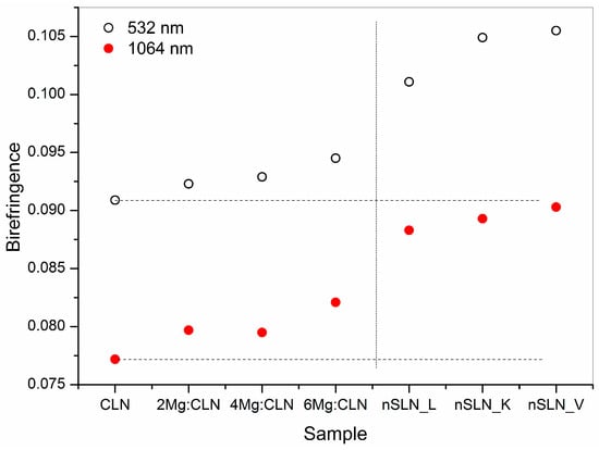 Birefringence at 532 and 1064 nm of differently prepared lithium niobate crystals.
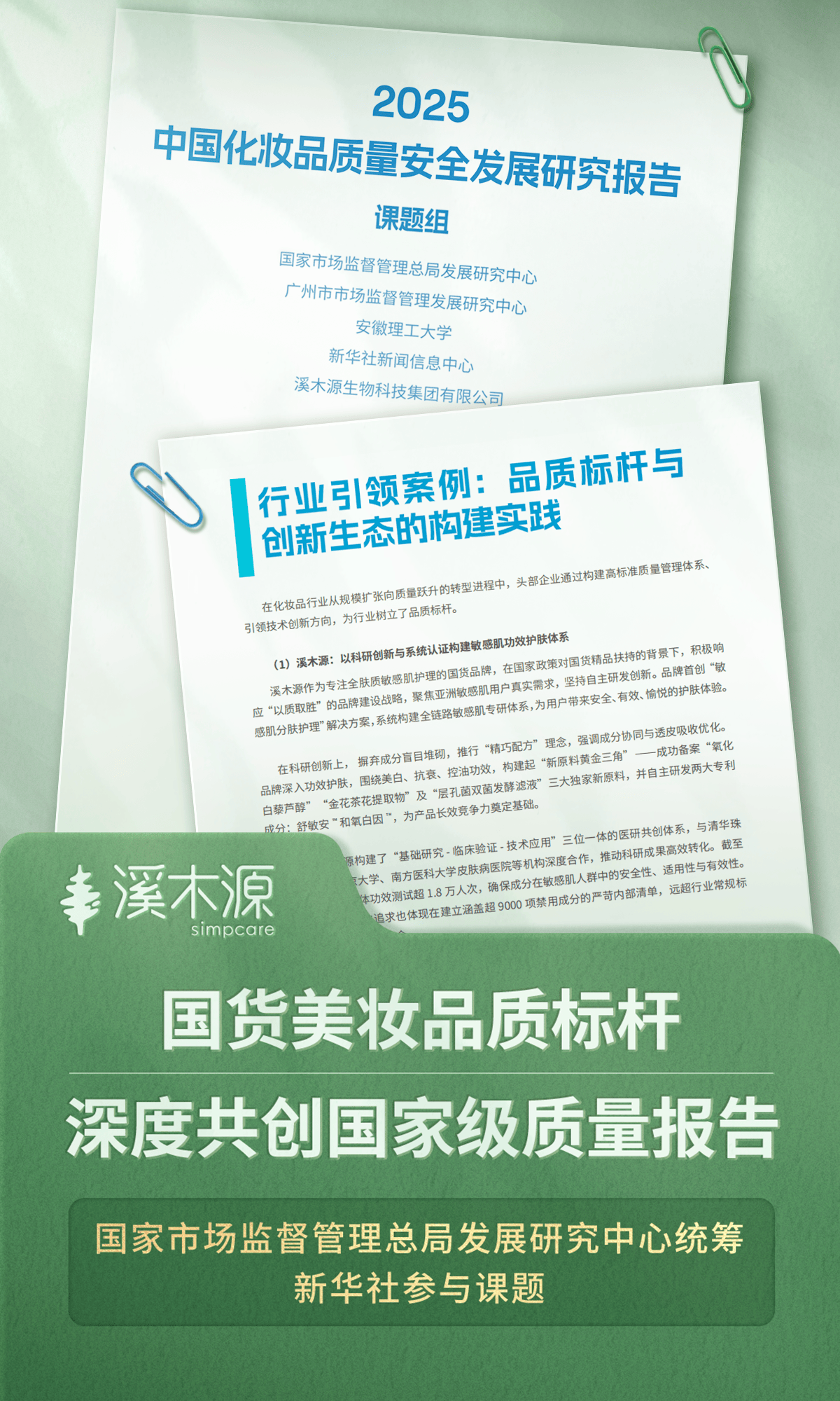 作者:CMD368 日期:2026-02-12 浏览: 来源:CMD368体育近日,国家市场监管总局发展研究中心在京召开化妆品行业高质量发展研讨会,正式发布《2025中国化妆品质量安全发展研究报告》。报告指出,中国化妆品产业正经历从“规模扩张”向“质量引领”的深刻转型,国货品牌市场份额持续提升,行业质量安全态势总体平稳向好。作为专注敏感肌护理的国货美妆品牌,溪木源深度参与了报告的研讨与共创工作,与安徽理工大学、新华社及多家美妆企业共同组成课题组。其以科研创新和严苛品控为核心的发展路径,为报告提供了具有行业引领意义的实践案例。
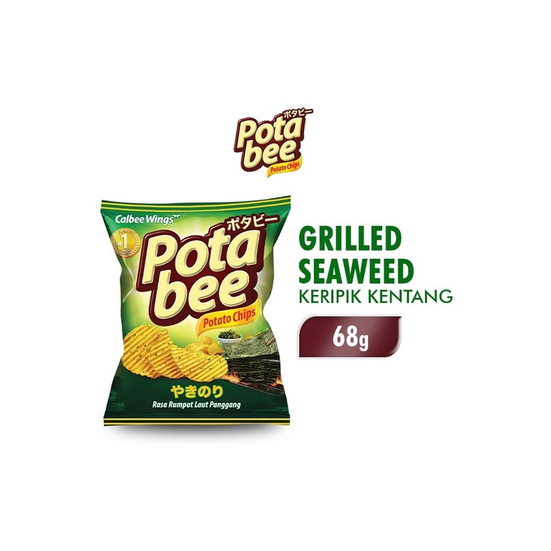 Potabee potato chips seaweed, keripik kentang rasa rumput laut panggang. Komposisi: kentang, minyak kelapa sawit (mengandung antioksidan butil hidrokinon tersier/TBHQ, bumbu rasa rumput laut (mengandung gula, garam, penguat rasa mononatrium glutamat, rumput laut, perisa alami (mengandung antioksidan tokoferol).
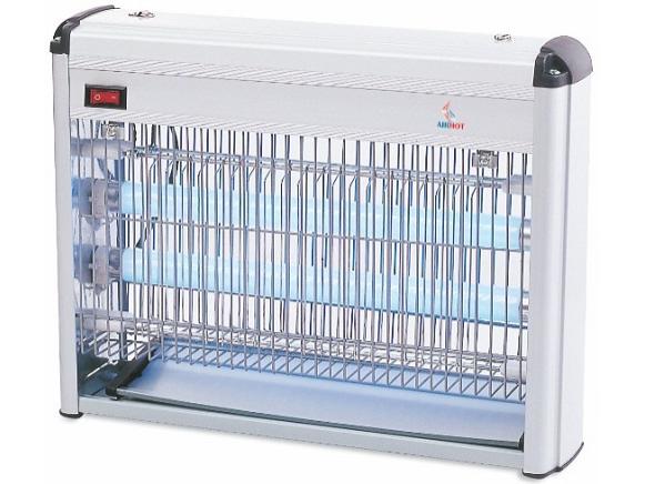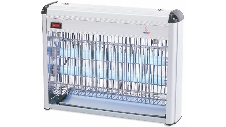 Насекомые, привлекаемые инсектицидной лампой, попадают на прутья металлической решетки, которая находится под напряжением электрического тока.
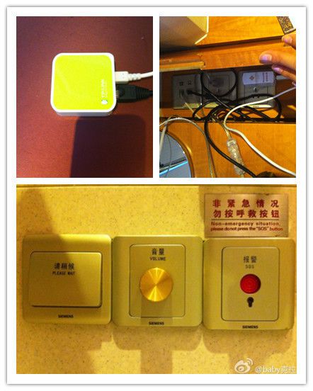 最下面的那个图是在马桶旁边拍滴,呵呵。克拉发现竟然可以将电视的声音转播到卫生间,很神奇哟,嘿嘿.......
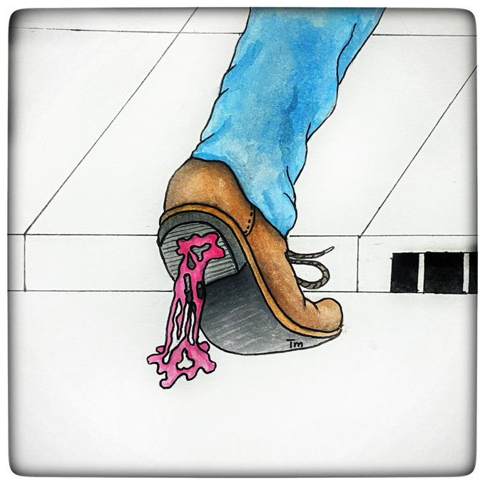 Inktober 2021 Day 12: Stuck I love chewing gum but hate it when it gets stuck to my shoes or clothes. Wrap it up people! #inktober #inktober2021 #stuck #chewinggum #gum #watercolourpaintng #watercolorpainting #foodart #arttherapy #quciksketches #pensketches
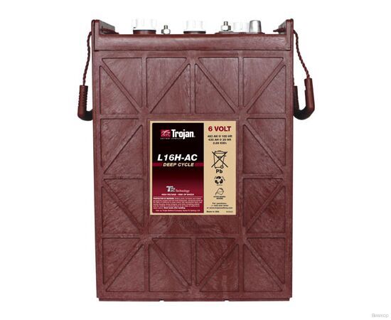 Аккумулятор Trojan L16H-AC - это тяговая АКБ моноблочного типа с жидким электролитом. Состоит из трех ячеек напряжением по два вольта, соединенных внутри корпуса последовательно. Общее рабочее напряжение 6 вольт. Тип пластин - намазные. Особенностью является технология T2 TECHNOLOGY™, разработанная компанией Trojan, которая и обеспечивает максимальную производительность и срок службы. В технологию входит и специальная конструкция корпуса, позволяющая электролиту свободно циркулировать внутри, обеспечивая равномерность плотности по всей площади пластин. АКБ L16H-AC является обслуживаемым, контроль уровня электролита и долив воды входит в еженедельный регламент.
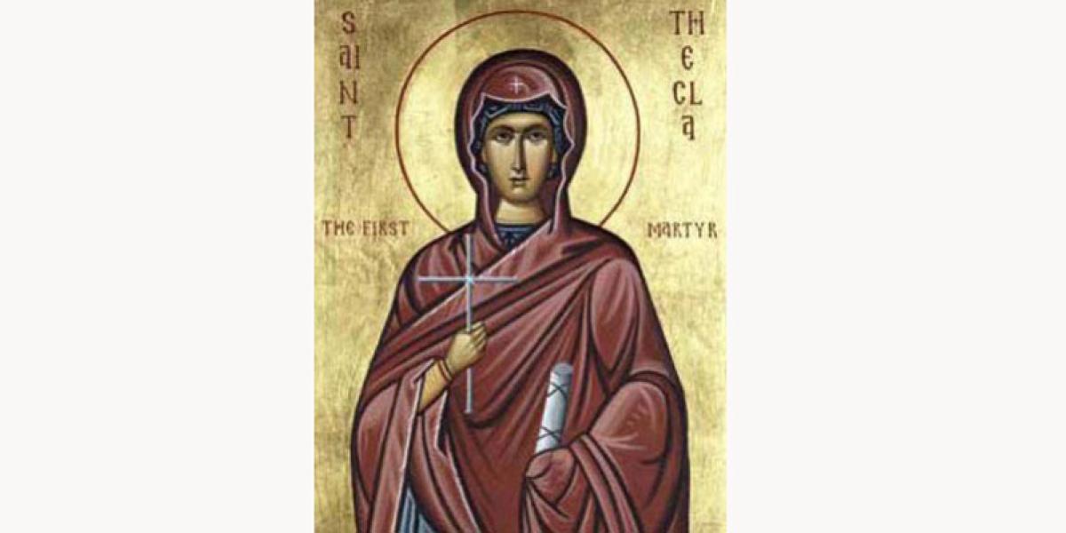 Sfânta Mare Muceniţă Tecla a fost prima femeie-martir pentru Hristos, fiind socotită, pe bună dreptate, “întocmai cu apostolii”. Ea a fost şi a rămas o figură proeminentă a creştinismului timpuriu, alături de femeile mironosiţe, Maria din Magdala şi femeia samariteancă. Tecla s-a născut în cetatea antică Iconiu, în secolul I d.H., din părinţi păgâni. Ea s-a logodit cu Tamir, un tânăr de neam bun, în vremea în care, la Iconiu, sosise Sfântul Apostol Pavel împreună cu Varnava, ca să predice Evanghelia Domnului.

== == ==

| THE PROBLEM |
Copy the whole of the material above exactly, but not its images.

| ANSWER FOR THIS EXERCISE |
 Birefringence at 532 and 1064 nm of differently prepared lithium niobate crystals.
 作者:CMD368 日期:2026-02-12 浏览: 来源:CMD368体育近日,国家市场监管总局发展研究中心在京召开化妆品行业高质量发展研讨会,正式发布《2025中国化妆品质量安全发展研究报告》。报告指出,中国化妆品产业正经历从“规模扩张”向“质量引领”的深刻转型,国货品牌市场份额持续提升,行业质量安全态势总体平稳向好。作为专注敏感肌护理的国货美妆品牌,溪木源深度参与了报告的研讨与共创工作,与安徽理工大学、新华社及多家美妆企业共同组成课题组。其以科研创新和严苛品控为核心的发展路径,为报告提供了具有行业引领意义的实践案例。
 Potabee potato chips seaweed, keripik kentang rasa rumput laut panggang. Komposisi: kentang, minyak kelapa sawit (mengandung antioksidan butil hidrokinon tersier/TBHQ, bumbu rasa rumput laut (mengandung gula, garam, penguat rasa mononatrium glutamat, rumput laut, perisa alami (mengandung antioksidan tokoferol).
 Насекомые, привлекаемые инсектицидной лампой, попадают на прутья металлической решетки, которая находится под напряжением электрического тока.
 最下面的那个图是在马桶旁边拍滴,呵呵。克拉发现竟然可以将电视的声音转播到卫生间,很神奇哟,嘿嘿.......
 Inktober 2021 Day 12: Stuck I love chewing gum but hate it when it gets stuck to my shoes or clothes. Wrap it up people! #inktober #inktober2021 #stuck #chewinggum #gum #watercolourpaintng #watercolorpainting #foodart #arttherapy #quciksketches #pensketches
 Аккумулятор Trojan L16H-AC - это тяговая АКБ моноблочного типа с жидким электролитом. Состоит из трех ячеек напряжением по два вольта, соединенных внутри корпуса последовательно. Общее рабочее напряжение 6 вольт. Тип пластин - намазные. Особенностью является технология T2 TECHNOLOGY™, разработанная компанией Trojan, которая и обеспечивает максимальную производительность и срок службы. В технологию входит и специальная конструкция корпуса, позволяющая электролиту свободно циркулировать внутри, обеспечивая равномерность плотности по всей площади пластин. АКБ L16H-AC является обслуживаемым, контроль уровня электролита и долив воды входит в еженедельный регламент.
 Sfânta Mare Muceniţă Tecla a fost prima femeie-martir pentru Hristos, fiind socotită, pe bună dreptate, “întocmai cu apostolii”. Ea a fost şi a rămas o figură proeminentă a creştinismului timpuriu, alături de femeile mironosiţe, Maria din Magdala şi femeia samariteancă. Tecla s-a născut în cetatea antică Iconiu, în secolul I d.H., din părinţi păgâni. Ea s-a logodit cu Tamir, un tânăr de neam bun, în vremea în care, la Iconiu, sosise Sfântul Apostol Pavel împreună cu Varnava, ca să predice Evanghelia Domnului.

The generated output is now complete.